Il 50 per cento della spesa se l'intervento riguarda l'unità immobiliare adibita ad abitazione principale del titolare del diritto di proprietà o di altro diritto reale, e il 36 per cento in tutti gli altri casi, su un massimo di 96.000 euro per unità immobiliare. Sono le aliquote fissate per le spese sostenute nel 2025 e nel 2026. Dal 2027 scendono al 36 per cento sull'abitazione principale e al 30 sugli altri immobili, e dal 2028 al 30 per cento con il tetto ridotto a 48.000 euro. La data che conta è quella in cui la spesa è sostenuta, non quella in cui l'impianto entra in funzione.
La detrazione è uno sconto immediato sul preventivo?

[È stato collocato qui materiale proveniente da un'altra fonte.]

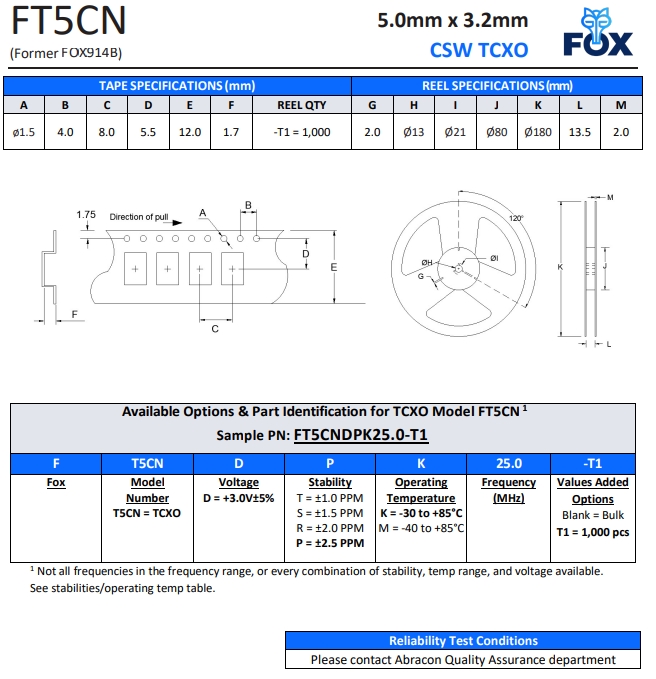 | FOX914B-19.200 | Fox振蕩器 | FOX914 | TCXO | 19.2MHz | 3V |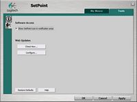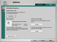 Back to the main SetPoint screen, if we click the second tab labeled ‘tools’ on the top right it opens up options for ‘Information Resources’. Here you can access several things from Logitech, the Help Center, Ergonomic Information, SetPoint version info and the Logitech Support.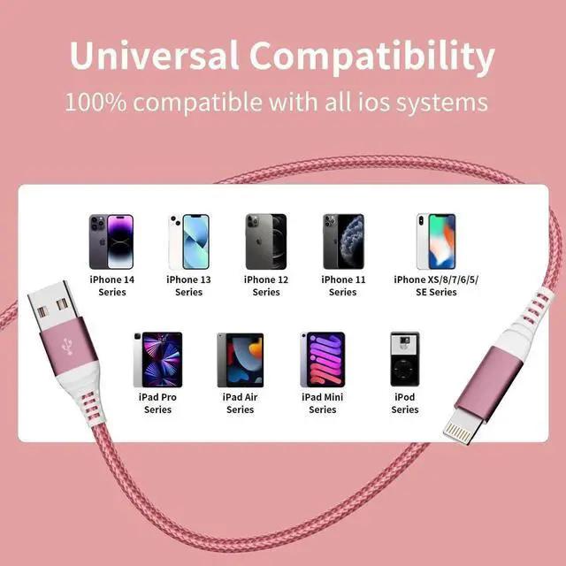 ![Main image of [MFi Certified] iPhone Charger 6FT 3PACK USB A to Light-ning Cable Nylon USB iPhone Fast Charging Cable Cord with Tinned Copper Compatible iPhone 14/13/12/11 Pro/MAX/XR/XS/8/7/6 Plus S SE/iPad iPod](https://c1.neweggimages.com/productimage/nb640/C280S2509220HYBWJ2F.jpg)

No, ed è l'equivoco più costoso su questo argomento. La detrazione si recupera in quote annuali di pari importo nella dichiarazione dei redditi, riducendo l'imposta dovuta anno per anno. Questo significa due cose. La prima è che il denaro va anticipato per intero all'installatore. La seconda, più importante, è che serve avere imposta sufficiente da compensare: chi ha un reddito basso, chi è incapiente o chi paga poca imposta recupera solo una parte del beneficio o non lo recupera affatto. Verificare la propria capienza fiscale prima di firmare è più importante che negoziare il preventivo.

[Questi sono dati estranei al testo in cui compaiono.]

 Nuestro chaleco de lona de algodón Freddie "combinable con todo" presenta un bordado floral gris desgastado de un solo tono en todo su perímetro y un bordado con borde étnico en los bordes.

Conviene aspettare il prossimo anno per installare?
Sul piano fiscale no, e il calendario è già pubblicato. Chi sostiene la spesa nel 2026 detrae il 50 per cento sull'abitazione principale; chi la sostiene nel 2027 detrae il 36; dal 2028 si scende al 30 per cento e il tetto di spesa passa da 96.000 a 48.000 euro. Su un impianto da diecimila euro, rimandare di un anno vale circa 1.400 euro di beneficio perduto sull'abitazione principale. Perché aspettare convenga, il prezzo di mercato dovrebbe scendere di altrettanto nello stesso periodo.
L'accumulo rientra nella detrazione?
Sì. I sistemi di accumulo installati contestualmente a un impianto fotovoltaico rientrano fra gli interventi agevolabili con la detrazione per ristrutturazione edilizia, alle stesse aliquote e all'interno dello stesso tetto di 96.000 euro per unità immobiliare. È un punto rilevante perché la batteria è la voce che pesa di più dopo i moduli: costa fra 1.100 e 1.300 euro per kilowattora di capacità, quindi un accumulo da dieci kilowattora vale quanto un impianto da cinque kilowatt.

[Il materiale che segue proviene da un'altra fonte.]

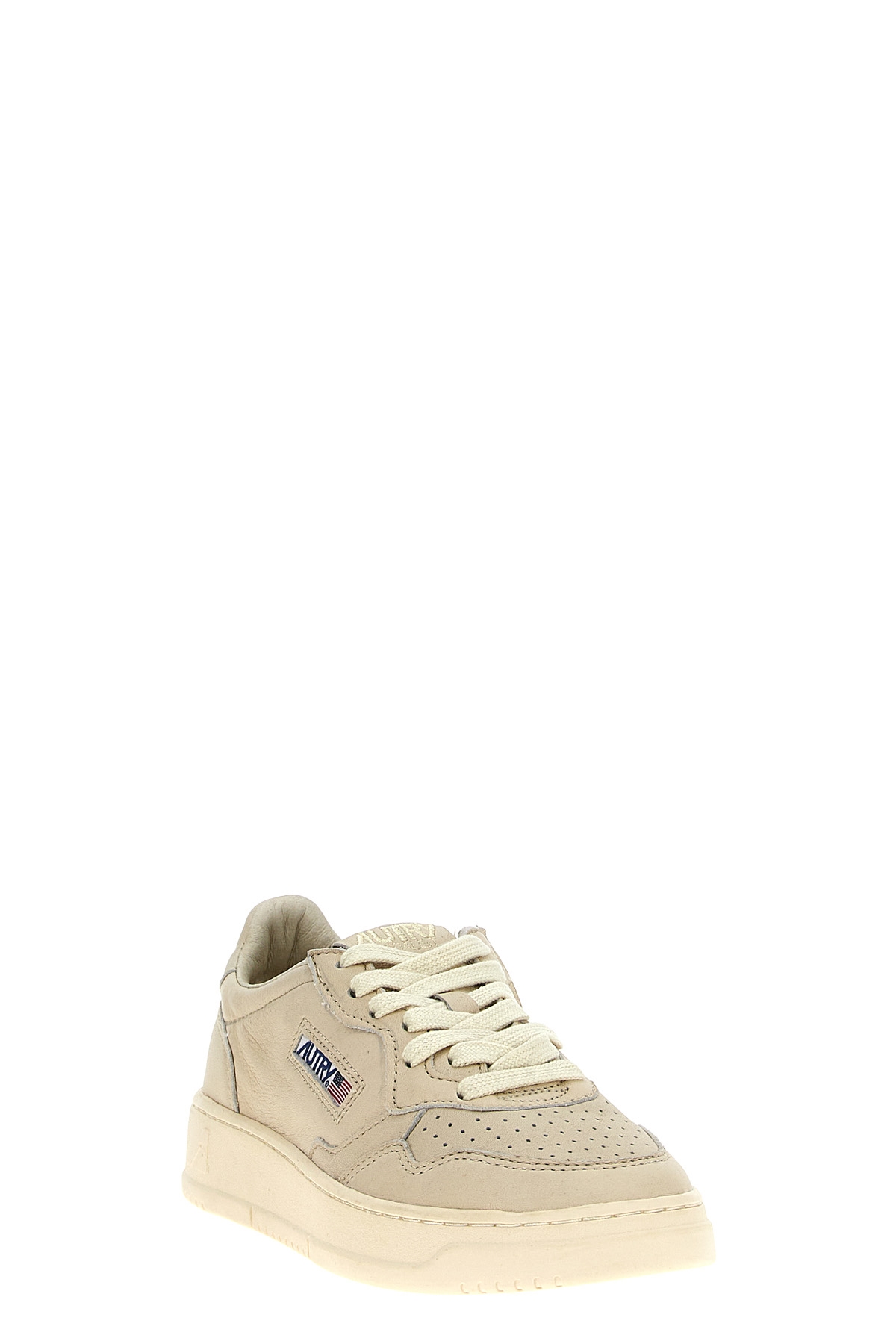 'Medalist Low' washed goat leather sneakers with laces and rubber sole.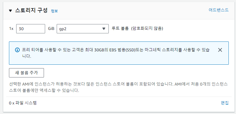 프리티어는 최대 30GB까지 가능하기 때문에 30으로 설정
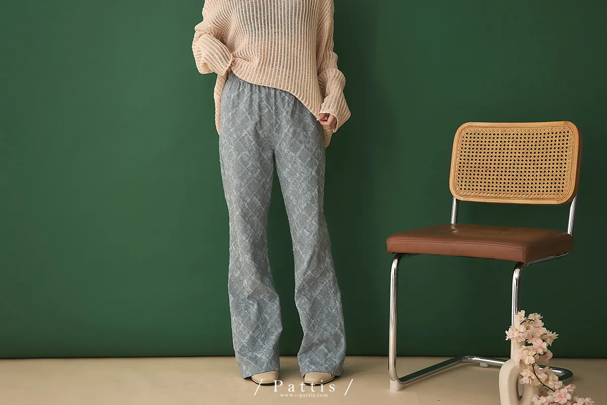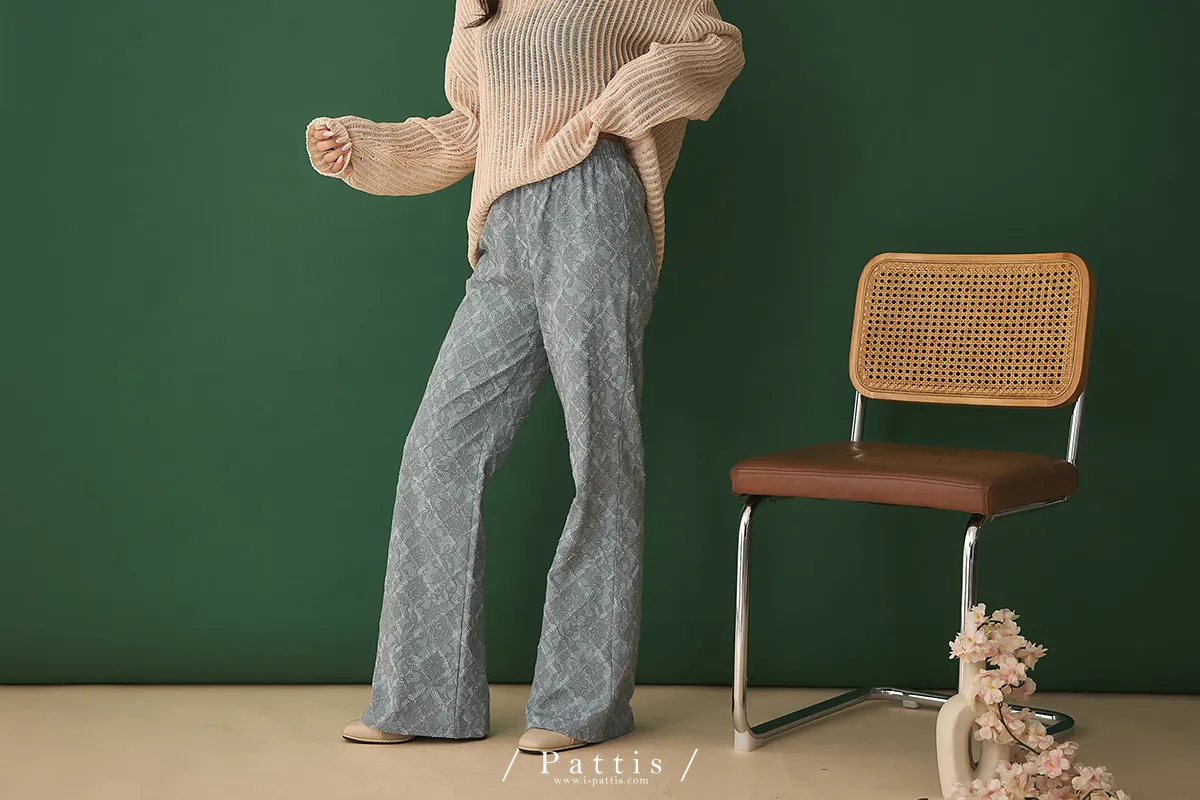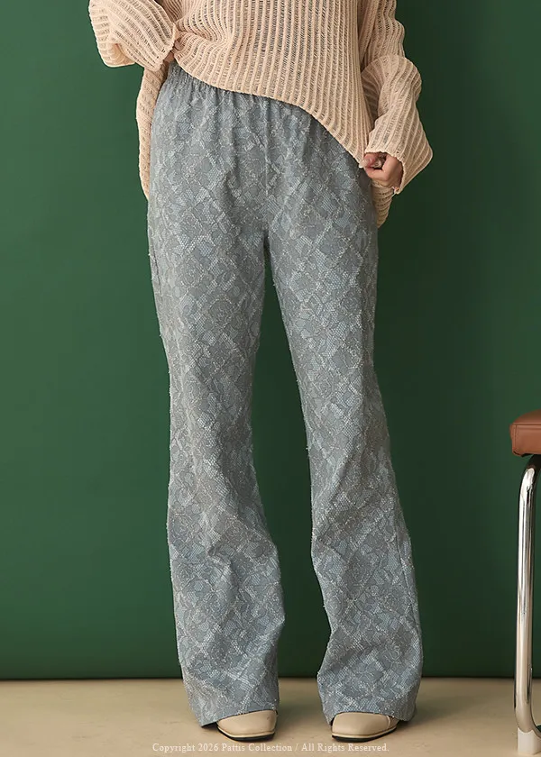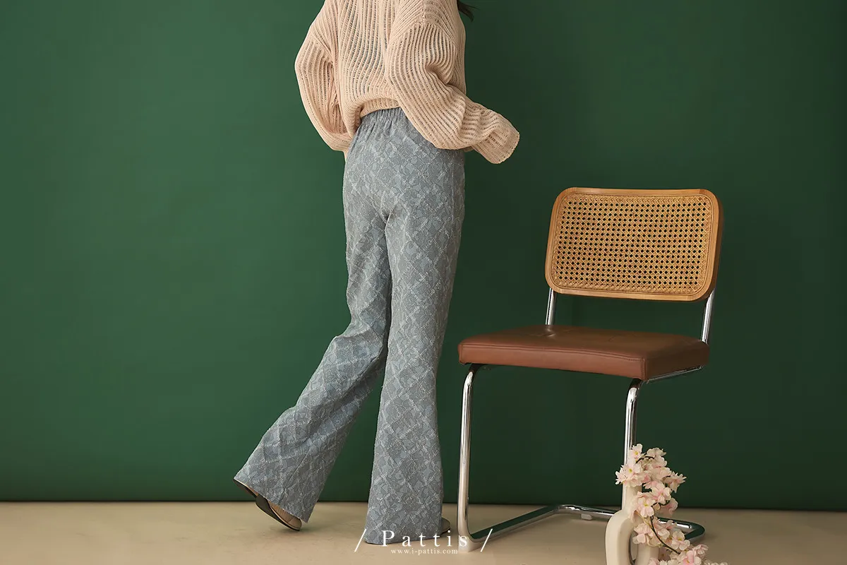 (現貨)十八世紀末信簽 | 浮雕玫瑰蕾絲小喇叭鬆緊腰長褲(單一色)

Che cos'è il Reddito Energetico Nazionale e a chi conviene?
È un contributo a fondo perduto amministrato dal Gestore dei Servizi Energetici, pari a 2.000 euro fissi più 1.500 euro per ogni kilowatt installato, fino a un massimo di 11.000 euro, per impianti di potenza compresa fra 2 e 6 kilowatt. Conviene soprattutto a chi non ha capienza fiscale sufficiente per sfruttare la detrazione, perché è denaro erogato e non imposta risparmiata. L'accesso avviene però a sportello, fino a esaurimento delle risorse disponibili per ciascuna area geografica: non è un diritto automatico come la detrazione.
Perché il prezzo dell'impianto ha una fascia così ampia?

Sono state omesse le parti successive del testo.